In conclusion, it seems that 4-week ingestion of the composite weight-loss dietary supplement decreased body fat, increased lean body mass, and increased HDL-C. Therefore, the composite weight-loss dietary supplement is expected to prevent obesity and induce health improvements in middle-aged women.

INTRODUCTION

It was recently reported that the incidence of lifestyle diseases is increasing due to lower levels of physical activity resulting from fast economic development and changes in dietary habits [1]. Especially, women over 50 years old are reported to have higher incidence of metabolic disorders including obesity due to aging and women in their 60 have double the risk of men at the same age [2]. Middle-aged women usually experience menopause. This causes physical changes such as dramatically decreased physical fitness and physical activity levels, leading to obesity. Obesity in middle-aged women may directly and/or indirectly affect diabetes, hypertension, and hyperlipidemia, which might negatively affect health in old age [3]. It seems that middle-aged women can successfully decrease their body weight and maintain an optimal body weight by reducing caloric intake and increasing physical activity. Several previous studies mentioned that active standard treatment methods such as caloric restriction (dietary treatment) and increased physical activity (exercise treatment) may produce the best results for a healthy life. However, it is not easy to maintain these standards for a long period of time [4]. In addition, middle-aged women usually have increased physical risk for climaterium and cancer as well as increased psychological and social anxiety for their children and economic issues. Therefore, health care for middle-aged women should be considered important for the rest of their lives in an aging society [5]. Due to these health problems in middle-aged women, the development of programs and research related to dietary treatment and/or exercise treatment for obesity have recently increased [6,7]. However, most previous studies were criticized for not recognizing the fundamental importance of improved dietary intake due to their simple treatment methods such as rapid dietary restriction in a short period of time and evaluating the effect of the dietary program based on body weight-loss [8].

It is not easy to maintain optimal body weight for most people and obesity has become one of the most common diseases in the world. Consequently, obesity specialists continuously search for easier methods to induce weight loss by conducting research on plant based food and plant derived drugs [9]. Thus, it is essential to develop healthy functional foods for obesity patients using natural products [10]. Ingestion of a composite weight-loss dietary supplement for 4 weeks while maintaining a normal diet has the potential to reduce the difficulties that contemporary people experience when trying to lose weight. The supplement is mainly composed of plant based ingredients including Hydroxycitiric acid (HCA), puer tea, lotus leaf extract, red ginseng, slendesta, aloe, and grain enzymes. HCA is extracted from Garsinia Canbogia and it directly affects fatty acid synthesis, lipogenesis, appetite, and weight control.

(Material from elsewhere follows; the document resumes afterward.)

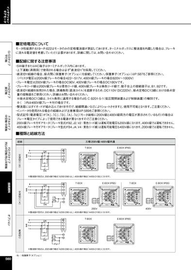 インダクションギアモータG/G3タイプ平行軸H/H2タイプ直交軸F/FAタイプ中空軸・中実軸F2/F3タイプ同心中空軸・同心中実軸技術資料オプション■定格電流についてモータ性能表P.619~P.622はモータのみの定格電流値が表記してあります。ターミナルボックスに整流器を内蔵した場合は、ブレーキに流れる電流値を考慮していただく必要があります。詳細に関しては、お問い合わせください。■配線に関する注意事項・SW端子またはAC端子はターミナルボックス内にあります。・上下運動(昇降用)で使用される場合は必ず“直流切り”を採用してください。・直流切り結線の場合、接点間に保護素子(オプション)を接続してください。保護素子(オプション)はP.587をご参照ください。(バリスタ電圧は200V級ブレーキの場合423~517V、400V級ブレーキの場合820V~1000V)・ブレーキ電圧は200V級ブレーキの場合DC90V、400V級ブレーキの場合DC180Vです。・ブレーキリード線は200V級ブレーキは青色リード線、400V級ブレーキは黄色リード線で、端子台上の接続端子は、B1、B2です。・直流切り結線を採用された場合、誘導負荷(直流コイル)を遮断するため、DC110V〈DC220V〉、接点定格DC13級における接点容量の接触器をご使用ください。詳細はお問い合わせください。※接点定格DC13級は、コイル負荷に適用する場合のJISC8201-5-1(低圧開閉装置および制御装置)の種別です。※〈〉内は400V級ブレーキ付の場合です。・整流器にはダイオードが組み込んでありますので、結線間違いなどによりショートさせますと、使用不可能となります。ご注意ください。・インバータを使用される場合の結線および注意事項はP.589をご参照ください。・型式記号(電源電圧)が「K」、C」、D」、A」、U」モータ銘板に200V級と400V級両方の電圧が表示されているもの)の場合はブレーキ電圧タイプによって使用できる電源が異なりますのでご注意ください。200V級ブレーキ付ギアモータ(ブレーキ型式がB2、J2、V2:青色リード線)は運転可能電圧も200V級になります。400V級では運転できません。400V級ブレーキ付ギアモータ(ブレーキ型式がB4、J4、V4:黄色リード線)は運転可能電圧も400V級になります。200V級では運転できません。■種類と結線方法T-BOXE-BOX(IP65)T-BOXE-BOX(IP65)整流器ACACU1V1W1E-BOX整流器ACAU1V1W1整流器ACACU1V1W1EBOX整流器ACAU1V1W1200V400V正転逆転U1V1W1モータACAC正転逆転RST電源T-BOXE-BOX(IP65)整流器SWSWU1V1W1E-BOX整流器SWSUV1W1U1V1W1モータSWSW正転逆転逆転正転RST電源※整流器の型式は、200V級の場合「A200-D90-UL」、400V級の場合「A400-D180」になります。※整流器の型式は、200V級の場合「A200-D90-UL」、400V級の場合「A400-D180」になります。三相:200V級/400V級共通T-BOXE-BOX(IP65)整流器SWSUV1W1E-BOX※整流器の型式は、200V級の場合「A200-D90-UL」、400V級の場合「A400-D180」になります。整流器SWSUV1W1U1V1W1モータ正転逆転RST電源結線交流切り(B)交流切り(A)直流切り–N–:保護素子(オプション)560

Therefore, HCA has been combined with other ingredients since the 1990’s to produce functional dietary supplements for losing weight, protecting heart function, controlling lipids, and improving endurance [11]. Puer tea including green tea has been reported to have an anticarcinogenic effect and to prevent coronary artery disease in animal studies. It is a strong antioxidant capable of changing the total cholesterol and LDL-C concentration in the blood. Additionally, it has been reported that puer tea increases energy expenditure and affects weight loss [12,13]. Lotus leaf extract has been reported to have an anti-obesity function and to increase endocrine and lipid metabolism. It also affects blood glucose and lipids by decreasing total cholesterol, triglyceride, and fasting blood glucose in diabetes-induced animal models [14]. Slendesta, a protein extracted from potatoes, can reduce the feeling of hunger and is used for treating chronic diseases such as cancer, hypertension, atherosclerosis, heart diseases, and liver diseases [15]. This study examined the effects of composite weight-loss dietary supplement ingestion on blood lipids and body fat in middle-aged women interested in weight loss.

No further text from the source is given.